If ANALYZE can generate some partial data for a set of expression (aka
generating some data for a portion of the expressions defined but skip
some of them because of reason x_y_z), the restore function needs to
cope with this policy (I'd need to double-check the code to be sure,
not sure on top of my mind now and I cannot do that today,
unfortunately).

>> Something that looks missing here is that we do not attach to which
>> negative attribute an item of "exprs" links to. It seems to me that
>> this needs to include an extra key called "attribute" with a negative
>> associated with it, so as we can rely on the attnum instead of the
>> order of the items restored.
>
> Oof. So there is no such attribute number exposed in pg_stat_ext_exprs(),
> we have to rely on the deterministic order that they are fetched from the
> view. The "expr" text definition is essentially a node tree, which we can't
> guarantee stays stable across major versions, so that's no help.
> jsonb_agg() doesn't guarantee order on it's own, but it can be enforced via
> an ORDINALITY-like trick. I had to do this before, can I excavate that code
> again. Thanks for the reminder.

Hmm. I would not rely on the ordering of the items as they are
scanned, that seems like a recipe for disaster. We have a text
representation of the expression, as of pg_stats_ext_exprs.expr. This
could be mapped with the elements of hte text[] in pg_stats_ext.exprs.
Here is a wilder idea: why not just putting the expression text itself
in the data given in input of the restore function rather than a
guessed argument number? For the case of manual stats injections,
that kinds of makes things simpler.

> Since clearly, you're on board with the jsonb idea, I'll make the next
> version all about cleanups and tightening up this method.

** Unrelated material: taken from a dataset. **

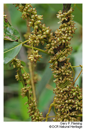 酸性更强、营养更贫乏的渗流沼泽主要分布在沿海平原,其特点是沙质或泥炭质基质中 覆盖着 泥炭藓的沼丘。这些栖息地通常比较潮湿,在一定程度上免受火灾的影响,尽管邻近的高地森林通常是火烧林;毫无疑问,在野火被广泛排除之前,火灾偶尔会在干燥时期烧到这些栖息地。主要的上层树种是红枫 (Acer rubrum )和黑桉 (Nyssa sylvatica ),郁金香树 (Liriodendron tulipifera )和龙柏 (Pinus taeda )在当地也很重要。常见的小乔木和灌木有甜海湾 木兰(Magnolia virginiana var. virginiana )、甜椒丛 (Clethra alnifolia )、高丛蓝莓 (Vaccinium spp.)、沼泽 杜鹃 ( Rhododendron viscosum var. viscosum ) 、光滑冬梅 (Ilex laevigata )和南方野葡萄干 (Viburnum nudum )。 菟丝子(Cuscuta compacta )通常大量附着在这些沼泽的灌木茎上。常见的草本植物包括肉桂蕨( Osmundastrum cinnamomeum )、网链蕨 (Lorinseria areolata )以及莎草 Carex lonchocarpa 和 Carex seorsa 。较少分布的草本物种或多或少可以被认为具有诊断意义(尤其是在沿海平原),包括臭鼬菜 ( Symplocarpus foetidus )、肾叶鹅掌楸 (Parnassia asarifolia )、柯林斯莎草 (Carex collinsii ) 、缠绕巴托尼亚 ( Bartonia paniculata ssp. paniculata ) 和联邦政府列出的沼泽粉红 (Helonias bullata )。

Yeah, this approach makes sense to me in terms of clarity and item
handling for the expression parts. Now, as you have mentioned me
offline, there was a discussion about applying this format to other
parts of the arguments, which would be around here I guess:
https://www.postgresql.org/message-id/CADkLM%3DfhVk3BJ8z20iQW2wGfuOk%2BZSgzNHUVGtLpmvzbQ9Ontg%40mail.gmail.com

This area of the discussion focused on the catalog data types we have
for dependencies and ndistinct, as well.

> The outstanding questions from the above are, given an jsonb tree of [ {
> "null_frac": 0.5, ...}, {"avg_width": "1", ...}], which for notation I'll
> call an array of expr1 and expr2
>
> 1. If an expected key is missing from either expr1 or expr2, is that worth
> failing the whole import_expressions()?
> 2. Is an unexpected key in either expr1 or expr2 worth failing the whole
> import_expressions()?
> 3. If the answer to #2 is no, do we need to warn about the existence of the
> weird parameter at all, or just silently skip it?

Yeah, it sounds to me that we should just set ok=false and give up
rather than have a semi-filled set of numbers for a single extended
stats object. There is an argument in favor of that: it can simplify
the detection of missing stats for a single extended stats definition.
I understand that you'd want to keep going with loading the data even
if it's partial. My question is: is it possible for ANALYZE to fill
in only a portion of the expressions and can these be partially
skipped? If the answer to my question is yes, the restore function
should do the same and my idea of the matter is wrong. If the answer
to my question is no, then your idea on this matter is the right one.

> 4. Does casting the numeric scalar values (null_frac, correlation,
> avg_width, n_distinct) to text make sense, since we have to put them
> through type-specific input functions anyway?

In terms of JSON, it makes the use of a representation simpler. I
don't think that we need to apply a strict casting when fetching them.

> 5. Do any of these jsonb-twiddling operations look generically useful
> enough to put in jsonb_utils.c?

This one I cannot say yet. It depends on the patch as written.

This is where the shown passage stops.